La fine di Pilato è, nelle varie versioni della leggenda, narrata assai diversamente. Egli morì sotto Tiberio, sotto Caligola, sotto Nerone, sotto Vespasiano e Tito: fu fatto decapitare; fu ucciso dallo stesso Nerone furente; fu scorticato; fu cucito, come si usava coi parricidi, in una pelle di bue, insieme con un gallo, una vipera ed una scimia, e lasciato morire al sole; fu chiuso in una torre, ed egli con le proprie sue mani si uccise; fu, con la torre insieme, inghiottito dalla terra. La credenza che egli si fosse ucciso, suggerita forse dall'esempio di Giuda, e dal desiderio di far commettere al reo un'ultima colpa, a giudizio di cristiani gravissima, è molto antica e quasi cancellò tutte le altre: ad essa si legano, e da essa in certo qual modo derivano, i racconti in cui si dice delle vicende cui andò soggetto dopo la morte il corpo maledetto, e dei danni ch'esso produsse. Secondo un racconto più antico, Pilato si uccise nella città di Vienna, dov'era stato chiuso in una torre, e il suo corpo fu gettato nel Rodano. Secondo un racconto più recente, e che ebbe poi molto maggior diffusione, Pilato si uccise in Roma, e il corpo suo fu da prima gettato nel Tevere, poi tolto di là, trasportato in Gallia e buttato nel Rodano, ove non rimase nemmeno. Non solamente questi due racconti, che io reco qui in una forma meramente schematica, ma anche altri, sui quali non ho bisogno di soffermarmi, dan notizia dei turbamenti prodotti dal corpo sommerso del suicida e delle successive traslazioni che ne furono la conseguenza[324].

In un racconto latino intitolato Mors Pilati qui Jhesum condemnavit, pubblicato dal Tischendorf[325], si dice che Tiberio, fatto venire a Roma Pilato, ordinò fosse chiuso in un carcere, poi radunò il consiglio perchè pronunziasse sentenza sopra di lui.
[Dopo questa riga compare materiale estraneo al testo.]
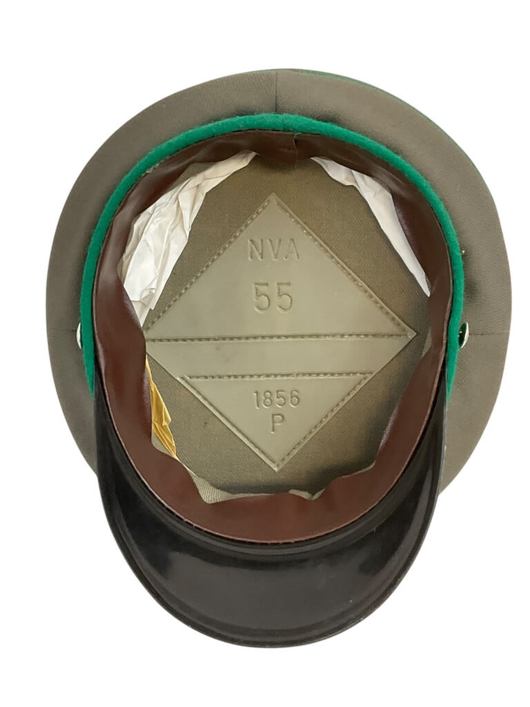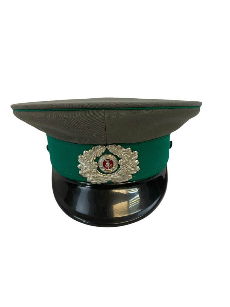This item is an authentic East German Border Guard Peak Cap Hat, notable for its missing chin strap. This distinctive military cap, also known as a “Schirmmütze,” was worn by border guards of the German Democratic Republic during the Cold War era. Its design features a high front peak, a greenish-grey wool body, and a black vinyl visor. The cap is missing its chin strap, an original component that provided stability and secure fit for the wearer. It also bears the East German National Emblem, a hammer and compass encircled by a rye wreath, on the front. Despite the missing chin strap, this cap remains a significant collectible item, resonating with historical and cultural significance. Its condition reflects its age and use but also adds a certain character and authenticity. It is a must-have piece for military memorabilia collectors, history enthusiasts, or anyone interested in the Cold War era.
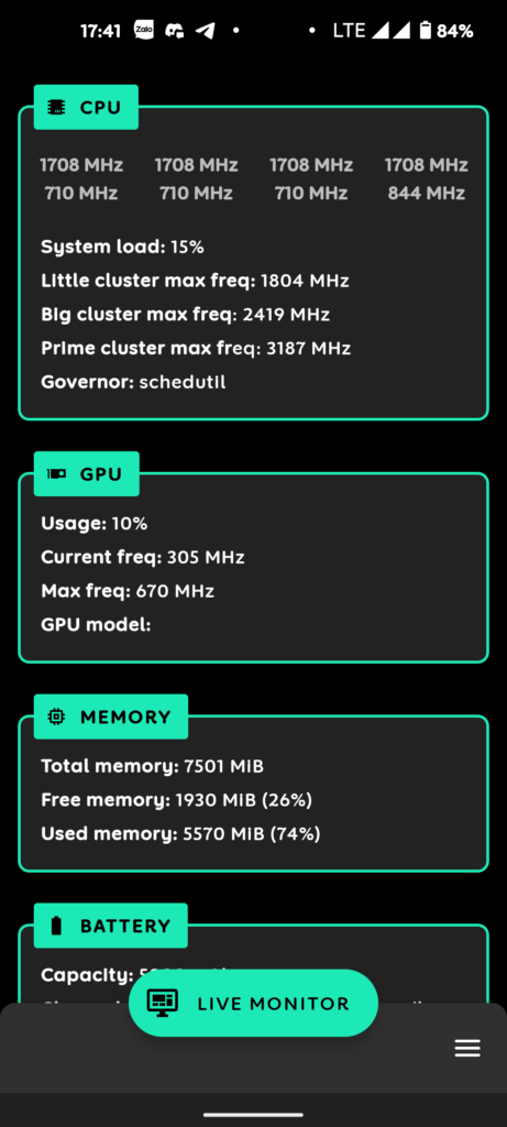 Gồm nhiều các tính năng tinh chỉnh điện thoại chúng ta, bao gồm tuỳ chỉnh CPU,GPU,RAM,Pin,… Và một số các tính năng đặc biệt khác như là Live Monitor (Hiển thị đo FPS, xung nhịp CPU,GPU,… Thông qua overlay )

Saputo d'essere stato condannato a morire di morte turpissima (ut morte turpissima damnaretur) Pilato con un coltello si uccise. «Informato della morte di Pilato, Cesare disse: Veramente è morto di morte turpissima colui che non risparmiò se stesso. Fu legato a un enorme masso e gettato nel Tevere. Ma gli spiriti maligni e sordidi, tripudiando per amor di quel corpo maligno e sordido, si agitavano tutti nell'acqua, suscitando terribilmente nell'aria folgori e bufere e tuoni e grandini, così che teneva gli uomini un orribil timore. Onde i Romani, trattolo dal Tevere, lo portarono per vituperio a Vienna, e lo sommersero nel Rodano: Vienna, gli è come dire via Gehennae, poichè era allora luogo di maledizione. Ma anche quivi accorsero i malvagi spiriti, producendo le medesime turbazioni. Però gli uomini di quel paese, non potendo sopportare tanta infestazione di demonii, allontanarono da sè quel vaso di maledizione e lo buttarono in certo pozzo, ch'era tutto intorno serrato di monti, dove, per riferimento d'alcuni, si vedono sobbollire tuttavia le diaboliche macchinazioni»[326]. Così l'ingenuo ed incognito narratore.